L14, L16- Statistics and Distribution Flashcards
describe general addition rule (of probabilities)
P(A or B) = P(A) + P(B) - P(A and B)
OR (if A/B are mutually exclusive)
P(A or B) = P(A) + P(B)
describe multiplication rule (of probabilities)
P(A and B) = P(A given B)P(B)
OR (if A/B are independent)
P(A and B) = P(A)P(B)
list types of categorical data
- nominal data
- ordinal data
list types of continuous data
- interval data (equal distance between data points)
- ratio data (interval data with a true 0)

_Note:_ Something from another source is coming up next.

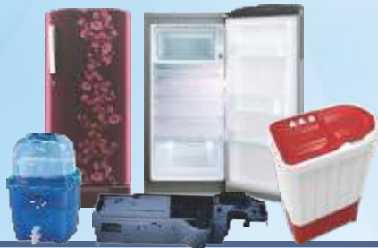
Industrial Moulded Products

UNMATCHED ARRAY OF ADVANCED CUSTOMIZED PRODUCTS & SOLUTIONS

explains the two basic descriptions for numerical data
Measures of Central Tendency: continuous data, mean, median, mode
Measures of Variation: spread of data / distribution
(T/F) every dataset has one mode
F- there can be zero, one, or multiple modes of a dataset
list the measures of variation
- range
- variance
- standard deviation (sqrt(var))
- quartiles
define IQR
inter quartile range (Q3 - Q1)
differentiate between Probability Density and Probability Distribution
Density- for continuous variables, defined as area under the curve (integral)
Distribution- for categorical variables, defined as sum of all possible outcomes
define µ and x̅ (in statistics)
µ- population mean
x̅- sample mean
define Standard Normal Distribution
µ = 0 σ = 1
above µ has +Z-values, below has -Z values
area under the curve = probability
what is the formula to convert normal distribution to a standard normal distribution
Z = (X - µ) / σ
to assure normality of data (normality assumption), (1) and (2) are used to confirm
1- histogram
2- boxplot